小型与推理大型语言模型能否评估期刊论文研究质量？平均化与少样本提示是否有助提升？ (Can Small and Reasoning Large Language Models Score Journal Articles for Research Quality and Do Averaging and Few-shot Help?)

from arxiv, Thelwall, M. & Mohammadi, E. (2026). Can small and reasoning Large Language Models score journal articles for research quality and do averaging and few-shot help? Scientometrics

Previous research has shown that journal article quality ratings from the cloud based Large Language Model (LLM) families ChatGPT and Gemini and the medium sized open weights LLM Gemma3 27b correlate moderately with expert research quality scores. This article assesses whether other medium sized LLMs, smaller LLMs, and reasoning models have similar abilities. This is tested with Gemma3 variants, Llama4 Scout, Qwen3, Magistral Small and DeepSeek R1 on a dataset of 2,780 medical, health and life science papers in 6 fields, with two different gold standards, one novel. Few-shot and score averaging approaches are also evaluated. The results suggest that medium-sized LLMs have similar performance to ChatGPT 4o-mini and Gemini 2.0 Flash, but that 1b parameters may often, and 4b sometimes, be too few. Reasoning models did not have a clear advantage. Moreover, averaging scores from multiple identical queries seems to be a universally successful strategy, and there is weak evidence that few-shot prompts (four examples) tend to help. Overall, the results show, for the first time, that smaller LLMs >4b have a substantial capability to rate journal articles for research quality, especially if score averaging is used, but that reasoning does not give an advantage for this task; it is therefore not recommended because it is slow. The use of LLMs to support research evaluation is now more credible since multiple variants have a similar ability, including many that can be deployed offline in a secure environment without substantial computing resources.

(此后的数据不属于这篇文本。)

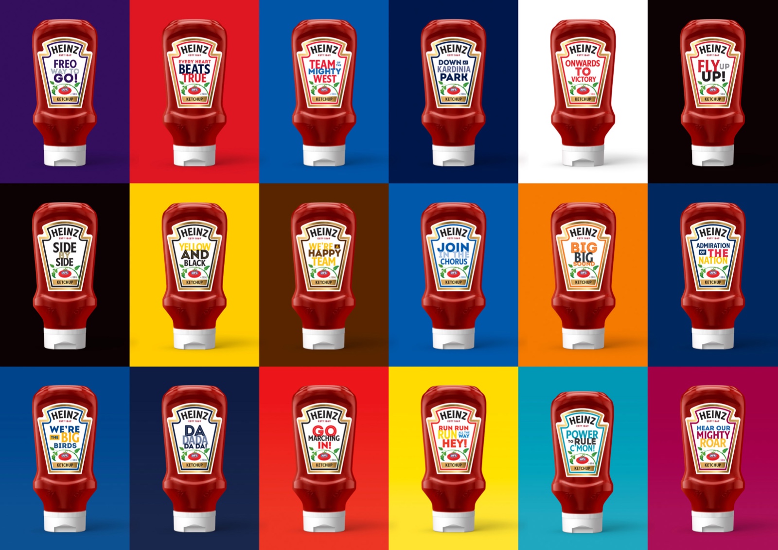 結(jié)果,亨氏番茄醬和AFL的大膽排版表達(dá)創(chuàng)造了一個(gè)真正的收藏系列,每個(gè)包裝上都有每個(gè)熱情粉絲的聲音放大。

翻译：先前研究表明，基于云端的大型语言模型（LLM）家族ChatGPT和Gemini，以及中等规模开源权重模型Gemma3 27b对期刊论文质量的评分与专家研究质量评分呈中等程度相关。本文评估其他中等规模LLM、小型LLM及推理模型是否具备类似能力。研究使用Gemma3变体、Llama4 Scout、Qwen3、Magistral Small和DeepSeek R1模型，在包含2,780篇医学、健康与生命科学领域论文的数据集上进行了测试，涉及两个不同的黄金标准（其中一项为新型标准），同时评估了少样本提示与分数平均化方法的效果。结果表明：中等规模LLM的表现与ChatGPT 4o-mini和Gemini 2.0 Flash相近，但10亿参数模型通常、40亿参数模型有时可能参数量不足；推理模型未显现明显优势。此外，对同一查询进行多次评分并取平均值是普遍有效的策略，并有微弱证据表明少样本提示（四个示例）往往能带来帮助。总体而言，本研究首次证明参数量大于40亿的小型LLM在评估期刊论文研究质量方面具有显著能力（尤其在采用分数平均化策略时），但推理能力并未为此任务带来优势，且因其速度缓慢而不建议采用。由于多种模型变体（包括许多可在安全环境中离线部署且无需大量计算资源的模型）均表现出相近的能力，使用LLM辅助研究评估的可信度现已显著提升。